Make more mom friends

When you meet moms who love you and your kids, they’re going to bend over backward to make playtime (and mom time) a priority. Good mom friends know you’re too tired to even think about putting on your shoes so they’ll bring the playdate to you. Your best mom friends will show up with playdate snacks and then help clean up the crumbs.

Take it out of the house

Suggesting a meetup on a specific day/time at a local playground or play place is an informal way to get to know local moms who you’ve only encountered at school drop off. For instance, at pick up, you might say “We’re going to the park around the block tomorrow after school – want to come?” The best part is there’s no pre- and post-playdate cleanup required.

Encourage kids to join clubs

Older kids who don’t feel a connection with their classmates may find besties at after-school activities where kids from lots of classes mix and mingle. If you’re able to volunteer at one or more sessions, do it! You’ll meet not only the kids but some of the moms, too. If not, ask if there is a contact sheet for parents of the kids in the club and start reaching out.

Have a chat with your child

Shy kids or kids who are feeling left out because of family challenges may really want friends but have a harder time making them. Talk to your child about who they’d like to be friends with and who they’ve had fun within the past, and start from there. Older children may not want you planning a ‘playdate’ but be open to you inviting a whole family over for a shared activity. And younger children may need more help in understanding how to be a good friend – role-playing is one way to prepare for playdates. Having playdate activities planned is another.

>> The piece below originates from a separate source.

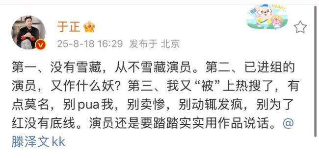 8月18日下午,于正在微博上对签约艺人滕泽文喊话,称“别pua我,别卖惨,别动辄发疯,别为了红没有底线。演员还是要踏踏实实用作品说话。”

One word of caution, however. Some children are just more introverted than their parents and don’t crave as much social time. It’s okay to play playdates for very young children without consulting them first but as your kids get older, make a point of asking them if they want to play a playdate or an outing with such-and-such a friend. You may be surprised to discover that your kids’ playdate preferences don’t always line up with your own.